Records contained in a dataset:
● ● ● ● ● ● ●

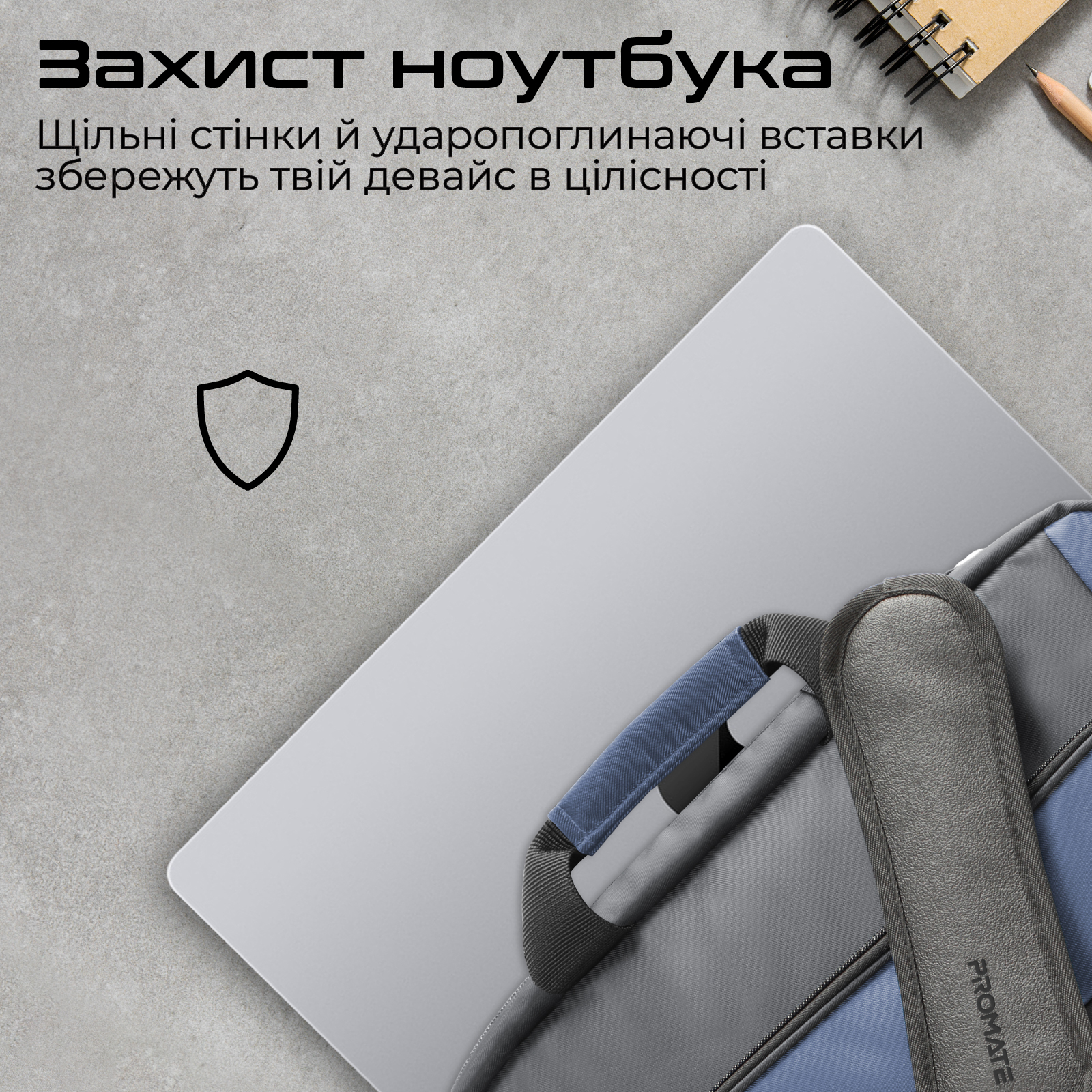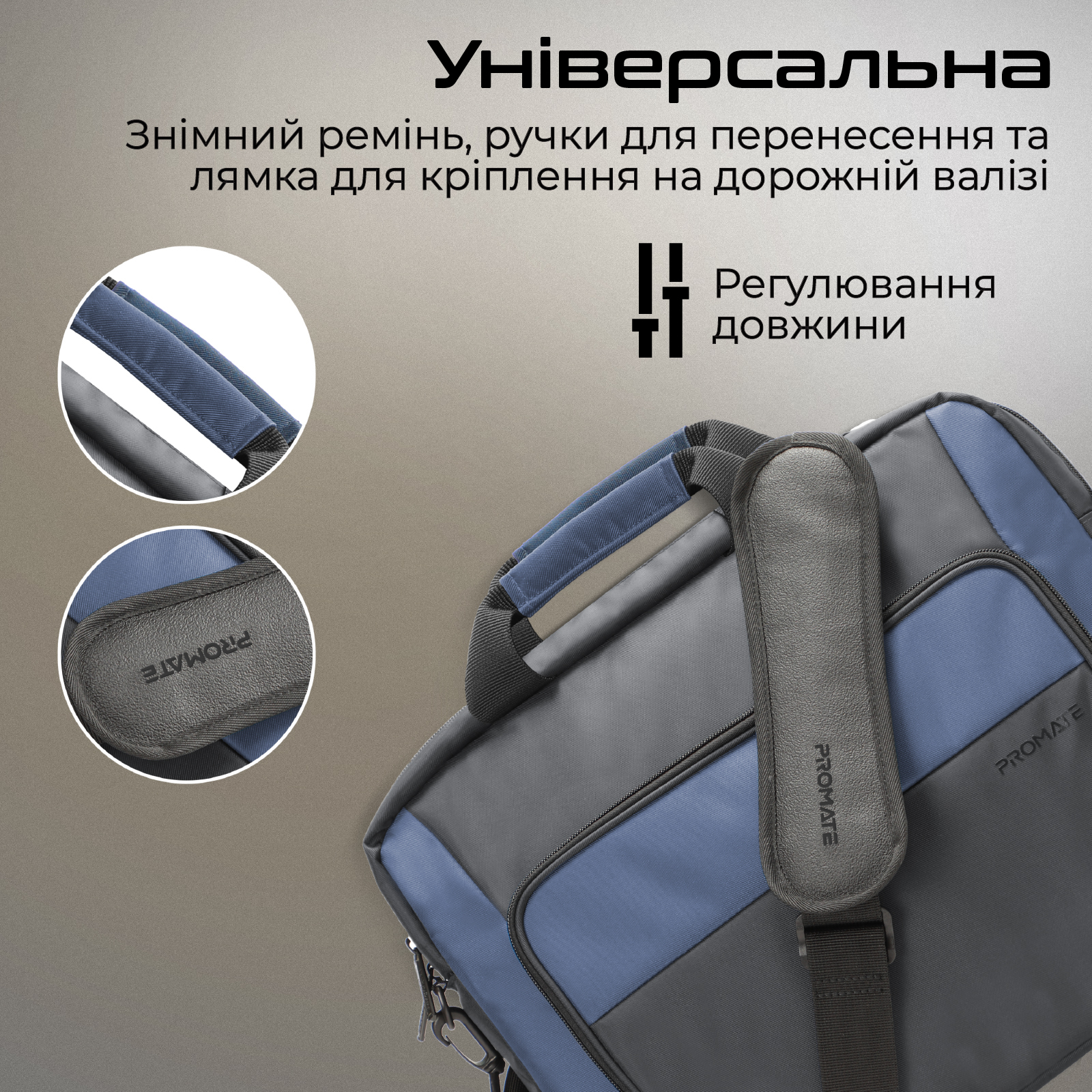 Limber-MB від Promate — зручна та містка сумка для 15.6" ноутбука, яка стане надійним компаньйоном у ділових та повсякденних поїздках. А м'які вставки, великі відсіки та регульований ремінь забезпечать комфортне використання.
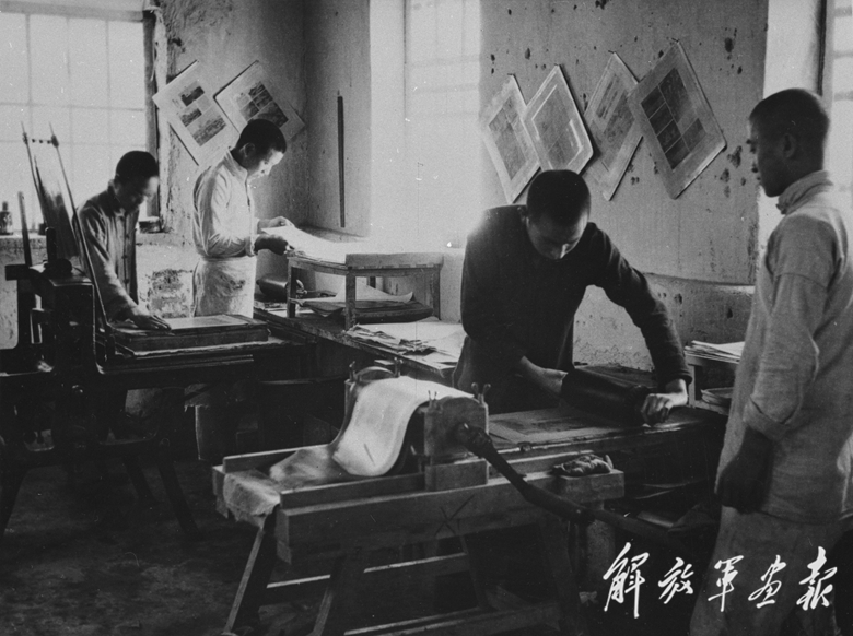 1943年,晉察冀畫報社工人用自制的輕便印刷機印制《晉察冀畫報》。(攝影/沙 飛)
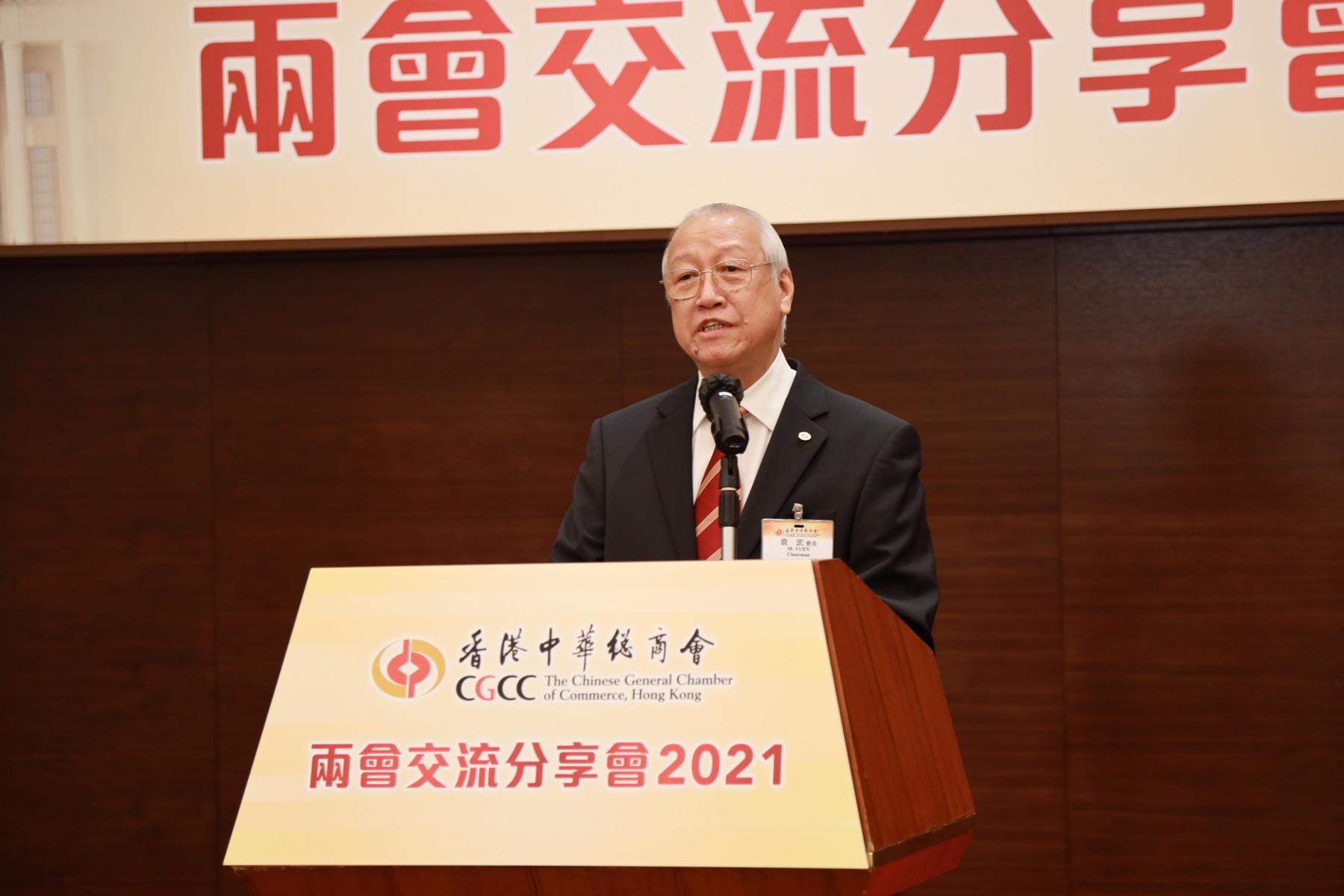 他表示,中央主導完善香港選舉制度,是為彌補現行選舉制度漏洞,確保「一國兩制」行穩致遠,確保香港長治久安和長期繁榮穩定。他希望香港工商界以兩會精神為指引,同心把香港建設好。此外,工商界要積極就完善選舉制度配合本地立法,帶頭支持特區政府依法施政,帶頭推動香港融入國家發展大局,堅定對國家和香港未來發展的信心,確保「一國兩制」全面準確貫徹落實。
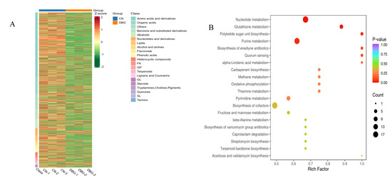 OPLS-DA was used to screen the metabolites corresponding to the differences between the two groups (Figure 6B,C). In our study, the R2X value was 0.786, the R2Y value was 1, and the Q2 value was 0.988, indicating that the OPLS-DA model is stable. Using VIP > 1, fold change ≥ 2, and fold change ≤ 0.5 as the selection criteria, 1226 non-volatile differential metabolites were identified between DBG and CN, with 724 metabolites upregulated and 353 metabolites downregulated (Figure 6D). To better visualize the relative content of these metabolites from different geographical sources of B. roseoflavus, a heatmap analysis was performed (Figure 7A). The higher the brightness of orange in the figure, the higher the abundance of metabolites, while the higher the brightness of green, the lower the abundance of metabolites. The difference in brightness between these colors helps us visually distinguish the differences between different groups more quickly. The results showed that the abundance of differential metabolites in CN was significantly higher than that in DBG.
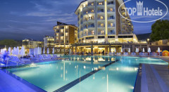 Назовите отель расположенный на горе ( 5*). там ещё есть лифты для спуска на пляж . Не могу вспомнить.... Блин.... Хочется взять путёвку именной тот отель- мы заезжали в него мимоходом.... И находится он справа от города , если ехать от Кушадас в Измир.
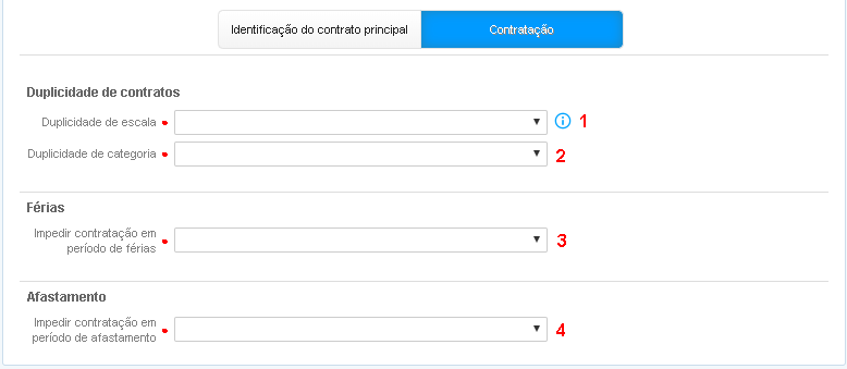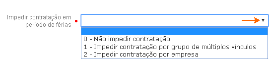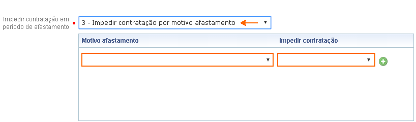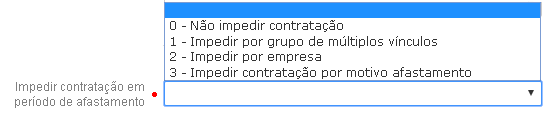 não contratação em período de afastamento. As opções disponíveis são:
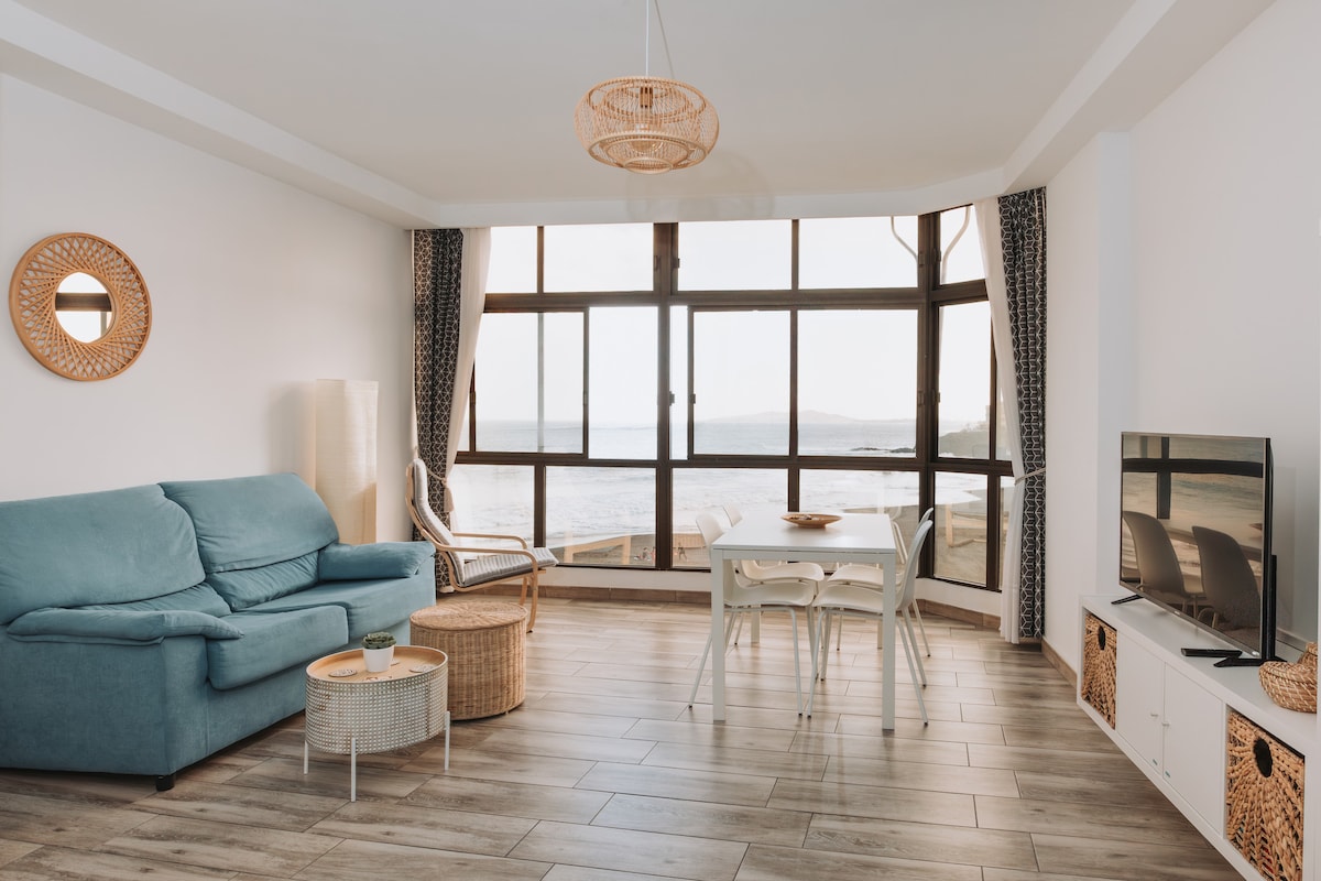 VV-35-1-0019782 *Las fotos de las vistas, son tomadas en su mayoría por los huéspedes desde el apartamento. SON VISTAS REALES .Vídeos en: I.G.:#canarias.seaview Este pequeño y acogedor apartamento reformado, está en 1º línea de mar (paseo marítimo). CONTEMPLAR EL AMANECER, oír el SONIDO DE LAS OLAS y OLER LA MARISMA, son algunos de los privilegios de este alojamiento. Está ubicado en un lugar único de la costa, a escasos metros del agua, en una zona de arena dorada, negra (volcánica) y piedras.
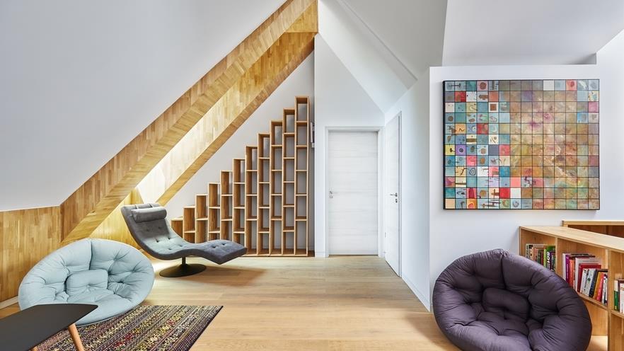 Moving into the interior of the house, visitors meet familiar features that they have met on the exterior. The minimal character of the building remains, while the color contrasts are combined effortlessly in an unexpected way, with the earthly tones that by default bring calmness during the day.
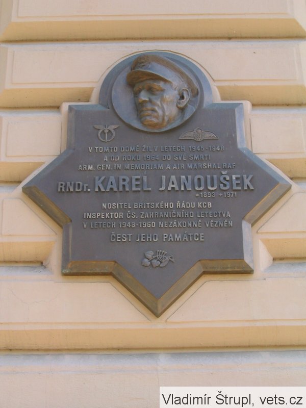 Umístění: Praha 1, U Železné lávky 127/4V TOMTO DOMĚ ŽIL V LETECH 1945-1948 A OD ROKU 1964 DO SVÉ SMRTI ARM. GEN. IN MEMORIAM A AIR MARSHAL RAF
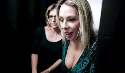 Сегодня у мачехи Кори Чейз хорошее настроение и она хочет поднять его также своему пасынку, который давно мучается без девушки, которая его бросила через хер. Ну в итоге симпатичная мамашка приводит чувака в какой-то мотель и раздевается догола. Все знают что зрелые женщины в постели богини. Но вот насколько в постели богиня Кори Чейз может сказать только Никки Брукс, которые ее там и трахает. Ну а после секса с парнем, милфа зовет в постель свою любовницу, которую тоже приобщает к групповухе.

● ● ● ● ● ● ●

Your reply should give again exactly the lines from the one with "Moving into the" through the last line of the data, with both ends included and pictures left out.

 Moving into the interior of the house, visitors meet familiar features that they have met on the exterior. The minimal character of the building remains, while the color contrasts are combined effortlessly in an unexpected way, with the earthly tones that by default bring calmness during the day.
 Umístění: Praha 1, U Železné lávky 127/4V TOMTO DOMĚ ŽIL V LETECH 1945-1948 A OD ROKU 1964 DO SVÉ SMRTI ARM. GEN. IN MEMORIAM A AIR MARSHAL RAF
 Сегодня у мачехи Кори Чейз хорошее настроение и она хочет поднять его также своему пасынку, который давно мучается без девушки, которая его бросила через хер. Ну в итоге симпатичная мамашка приводит чувака в какой-то мотель и раздевается догола. Все знают что зрелые женщины в постели богини. Но вот насколько в постели богиня Кори Чейз может сказать только Никки Брукс, которые ее там и трахает. Ну а после секса с парнем, милфа зовет в постель свою любовницу, которую тоже приобщает к групповухе.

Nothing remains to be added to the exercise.